The Idea
We all know the basic idea of file compression. We see ZIP files regularly, and know how to extract and compress them. Although most everyone knows how to use these compressed files, and understand that compressing files makes them smaller, most people have no idea how it works technically.
Though this may seem like magic, it's a fairly straightforward concept. In this article, we are going to be demystifying file compression.
The Two Classes of Compression
Although people typically think about ZIP files and pictures when talking about compression in general, many people don't realize that there are two different compression classes commonly used.

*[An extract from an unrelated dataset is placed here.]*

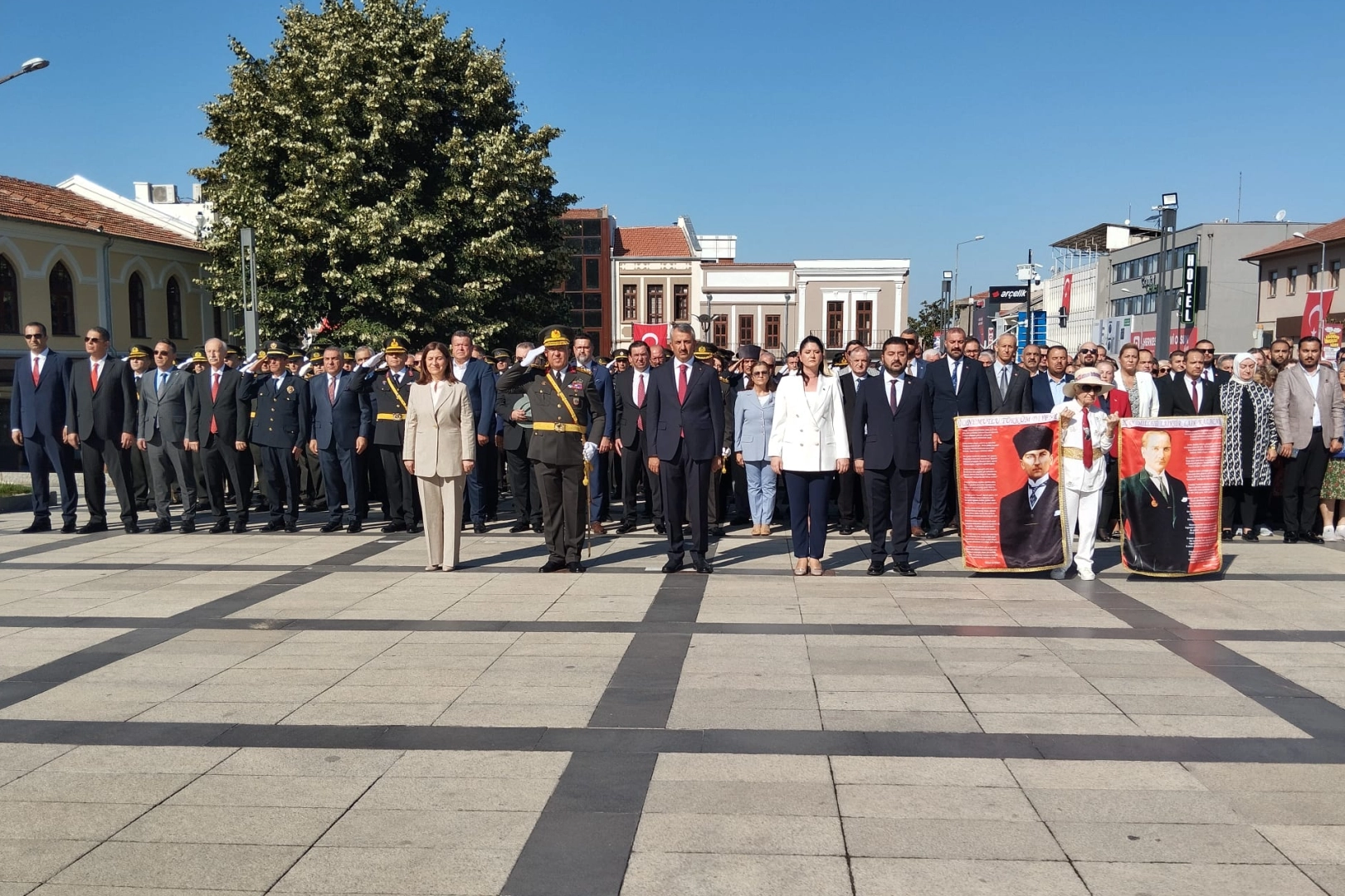 Edirne Valisi Yunus Sezer, Garnizon Komutanı Tuğgeneral Yüksel Kolcu ve Belediye Başkanı Av. Filiz Gencan Akın'ın Atatürk anıtına çelenk sunması ile başlayan törende Edirne Belediye Bandosu eşliğinde Türkiye Cumhuriyeti'nin kurucusu Mustafa Kemal Atatürk, silah arkadaşları ve tüm şehitler anısına bir dakikalık saygı duruşunda bulunularak, İstiklal marşı okundu. Saygı duruşu sırasında Edirne'de hayat bir dakikalığına dururken; anıt çevresinde bulunan vatandaşların İstiklal marşına da coşkuyla eşlik ettikleri görüldü.

 Lossless Compression is a type of compression in which the data is compressed, and can be later decompressed without any loss of data. This is useful for things in which the minor details can really matter. For example, on a research paper, every character in the document would need to be the exact same after decompression, or the document could be poorly graded due to compression ignoring the commas.
 Lossy Compression is the other type of compression, where data can be slightly modified during the compression process. Pictures commonly are compressed this way, as we can not very well distinguish between two very similar colors. This is a good time to use lossy compression, and not be so specific when it comes to colors.
The Steps for Lossless Compression
We'll be doing "Huffman Coding" to do this, as it's one of the simplest compression methods.
Compressing files in this way takes four major steps, listed below.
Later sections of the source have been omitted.